Community Health Systems (NYSE:CYH) is facing a new challenge. A nonprofit group has claims against it citing that it has failed at offering sufficient indigent care at some two CHS hospitals in Eastern Washington. The top provider has for sometime been considering selling them off.

A Washington nonprofit, Empire Health Foundation on Monday moved ahead to file a lawsuit in U.S District Court in Spokane, Washington. It was accusing CHS along the lines of fair dealing and the breach of implied duty of good faith.

The embattled Franklin-based hospital operator has been going through challenges recently and the lawsuit is the most recent. This top notch company has lately been engaging in the sale of hospitals hoping that would help pay down more than $14.7 billion of debt. According to the company’s insiders, the debt culminated from its 2014 acquisition of Florida-based Health Management Associates.

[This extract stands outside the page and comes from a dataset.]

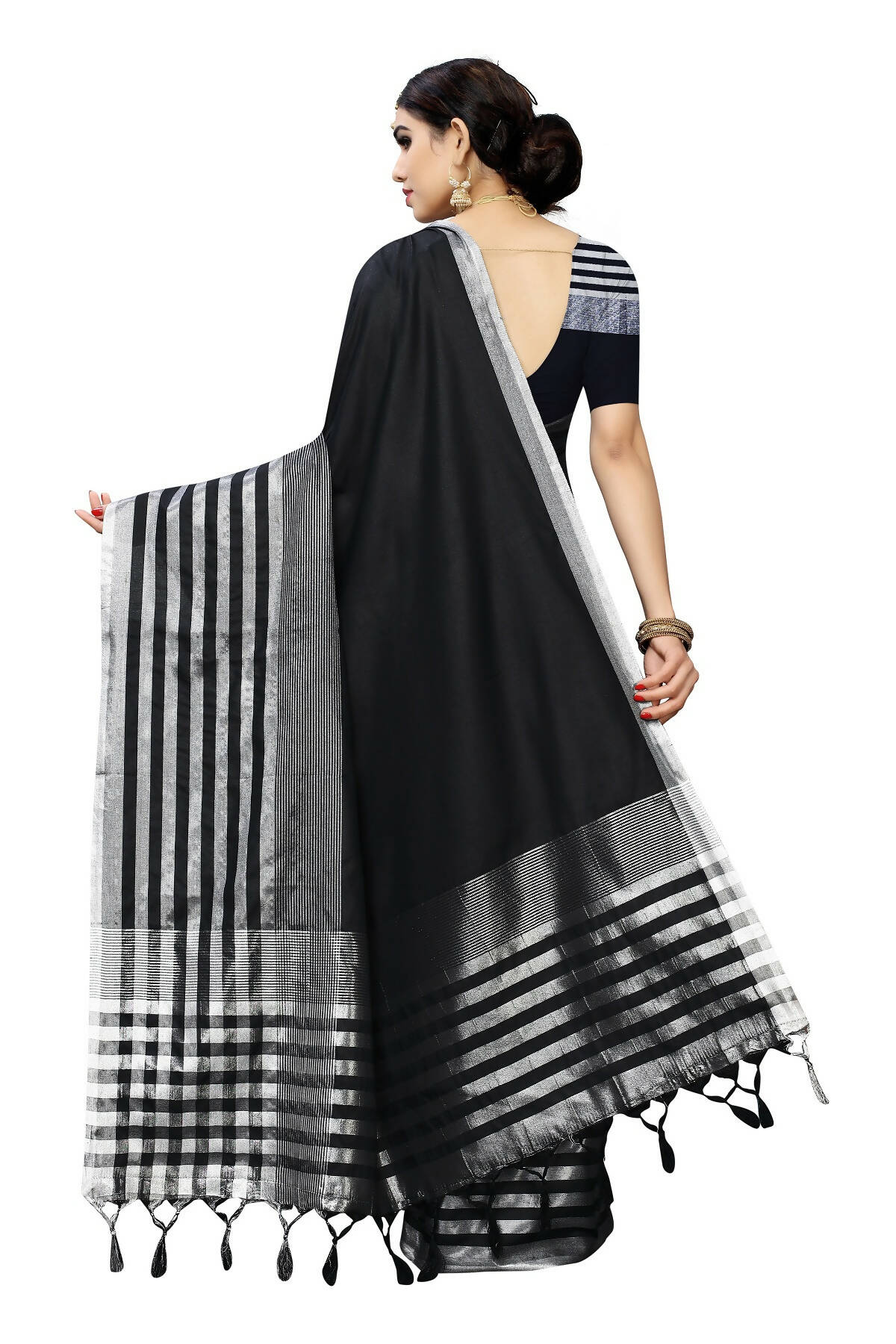 Vamika Black Cotton Silk Weaving Saree (Twitter Black)

Empire was founded in 2008 using funds emanating from the sale of the hospitals by the nonprofit Empire Health System. This foundation seeks to help improve health in the region.

According to the terms associated with the suit, when CHS subsidiaries acquired Valley Hospital and Deaconess Medical Center, it accepted that it would provide essential health services at levels that meet or exceed the average of charity care delivered in Eastern Washington. The provision of charity care is a matter that the provider takes with much seriousness.

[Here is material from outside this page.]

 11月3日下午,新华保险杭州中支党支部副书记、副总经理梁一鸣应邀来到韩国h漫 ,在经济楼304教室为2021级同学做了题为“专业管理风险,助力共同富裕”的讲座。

The Washington state law is pushing for all hospitals in the state to make efforts deliver charity care to all those patients who happen to be living below the federal poverty line.CHS has given its statement downplaying the allegations strongly. It insists Deaconess and Valley hospitals have done their part towards fulfilling their obligations. They have boosted the amount of charity care provided and that was from the 2008 acquisition.

According to, the lawsuit provided that the company forwarded policies that “appear to be part of a planned effort to drive indigent patients away from the hospitals, and, if they nonetheless sought services from the hospitals, to overcharge them.”

However, it is important to outline that challenges are normal and what really matters is how any provider chooses to handle them.